Smith C J
Laboratory of Molecular Microbiology, National Institute of Allergy and Infectious Diseases, Frederick, Maryland 21701.
J Bacteriol. 1987 Oct;169(10):4589-96. doi: 10.1128/jb.169.10.4589-4596.1987.
The Bacteroides pBI136 clindamycin resistance (Ccr) determinant from the composite transposon Tn4551 was cloned onto the shuttle plasmid pFD160, and the regions necessary for expression in Bacteroides fragilis were determined. These results suggested that transcriptional regulatory signals required for Ccr were located in the Tn4551 direct repeat sequence (DRS) adjacent to the resistance determinant. Analysis of the nucleotide sequence of this region revealed that the Ccr structural gene, 798 base pairs (bp), was located 17 bp from the terminus of the DRS and that this gene (ermFS) differed from ermF (pBF4) by one amino acid. The DRS element was found to be 1,155 bp and appeared to contain the ermFS transcription start signals. The DRS structure was typical of insertion sequence elements isolated from other bacterial species, and its termini were characterized by 25-bp regions of imperfect dyad symmetry. The DRS was dominated by a 978-bp open reading frame, which terminated in the left inverted repeat 27 bp from the ermFS start codon, and weak amino acid sequence homology was observed with the putative transposase of IS3. Promoter activity of the DRS in B. fragilis was demonstrated by in vitro construction of operon fusions with a promoterless ermFS gene followed by transformation of the recombinant plasmids with selection for resistance to clindamycin. The location of one DRS promoter was identified by using the ermFS fusions and then verified by in vitro mutagenesis of the site with single-stranded linkers. Northern blot (RNA blot) analysis of total RNA from B. fragilis strains containing pBI136 or ermFS recombinant plasmids confirmed the location of this promoter and indicated that it was used in vivo by Tn4551. A second DRS promoter, which activated ermFS transcription by readthrough of the large DRS open reading frame, was also identified by the Northern blot analysis.
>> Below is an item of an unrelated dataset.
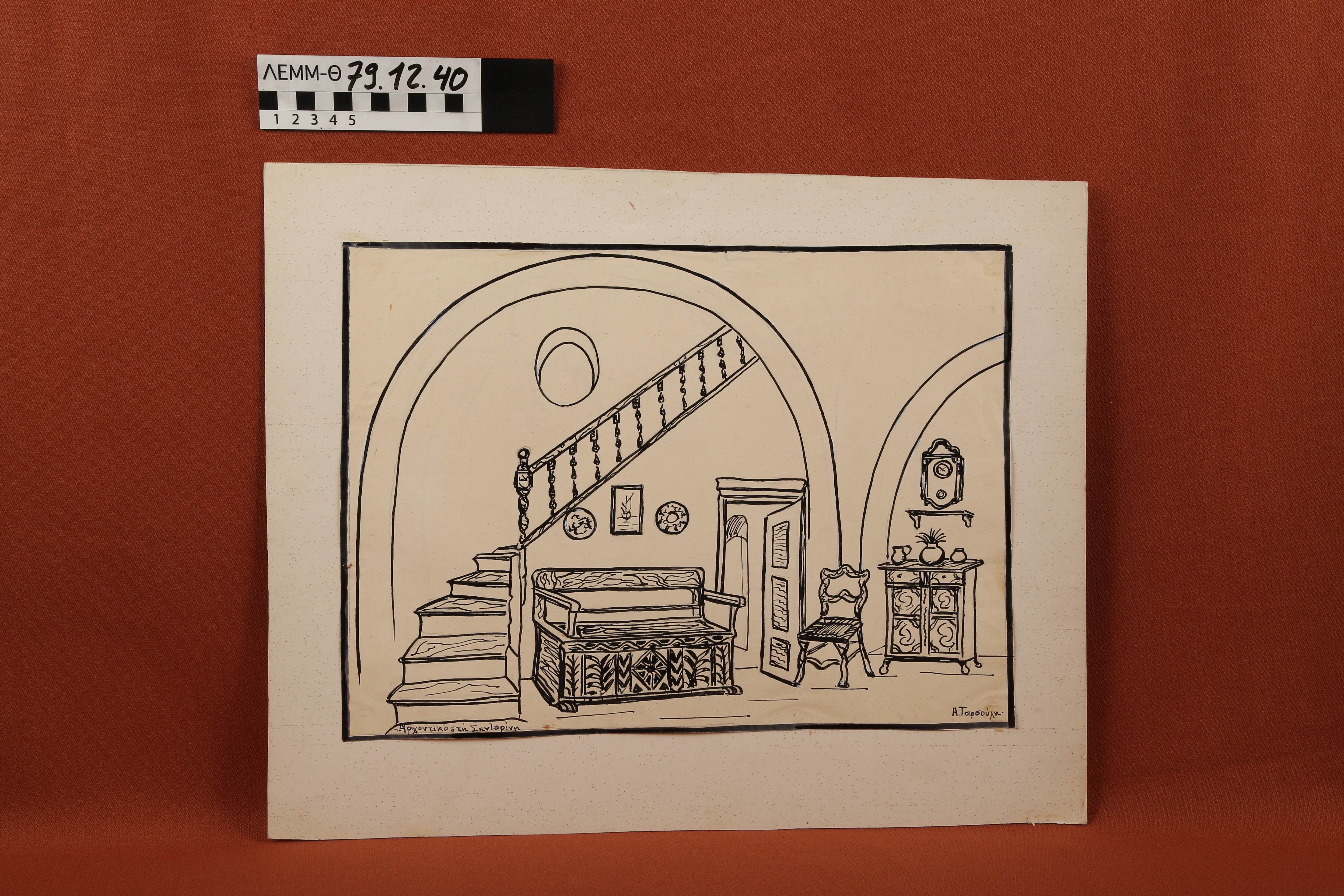 Σχέδιο - σχέδιο, στο οποίο απεικονίζεται το εσωτερικό αρχοντικού στη Σαντορίνη

The bicistronic ermFS message was not observed in strains containing a complete copy of Tn4551, and the possibility of transcriptional regulation is discussed.
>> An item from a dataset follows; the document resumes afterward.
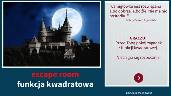 GRACZU! Przed Tobą pokój zagadek z funkcji kwadratowej. Niech gra się rozpocznie!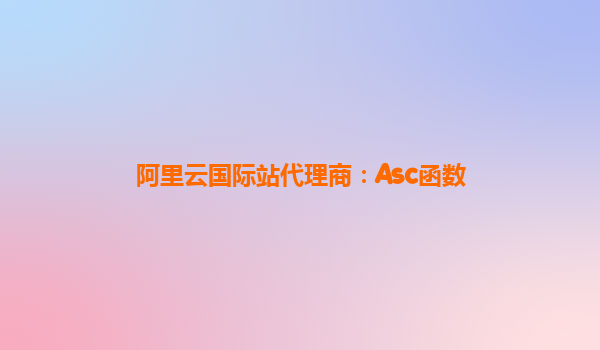 阿里云國際站代理商:利用Asc函數(shù)探索阿里云的優(yōu)勢與好用之處

来自复合转座子Tn4551的脆弱拟杆菌pBI136克林霉素抗性(Ccr)决定簇被克隆到穿梭质粒pFD160上,并确定了在脆弱拟杆菌中表达所需的区域。这些结果表明,Ccr所需的转录调控信号位于与抗性决定簇相邻的Tn4551直接重复序列(DRS)中。对该区域核苷酸序列的分析表明,Ccr结构基因长798个碱基对(bp),位于DRS末端17 bp处,该基因(ermFS)与ermF(pBF4)仅相差一个氨基酸。发现DRS元件长1155 bp,似乎包含ermFS转录起始信号。DRS结构是从其他细菌物种中分离出的插入序列元件的典型结构,其末端的特征是有25 bp的不完全二重对称区域。DRS主要由一个978 bp的开放阅读框组成,该阅读框在左反向重复序列中终止,距ermFS起始密码子27 bp,并且与IS3的推定转座酶存在弱氨基酸序列同源性。通过将无启动子的ermFS基因与操纵子进行体外融合构建,然后将重组质粒转化并选择对克林霉素的抗性,证明了DRS在脆弱拟杆菌中的启动子活性。通过使用ermFS融合体鉴定了一个DRS启动子的位置,然后通过用单链接头对该位点进行体外诱变进行了验证。对含有pBI136或ermFS重组质粒的脆弱拟杆菌菌株的总RNA进行Northern印迹(RNA印迹)分析,证实了该启动子的位置,并表明Tn4551在体内使用该启动子。Northern印迹分析还鉴定了第二个DRS启动子,该启动子通过大DRS开放阅读框的通读激活ermFS转录。在含有完整Tn4551拷贝的菌株中未观察到双顺反子ermFS信息,并讨论了转录调控的可能性。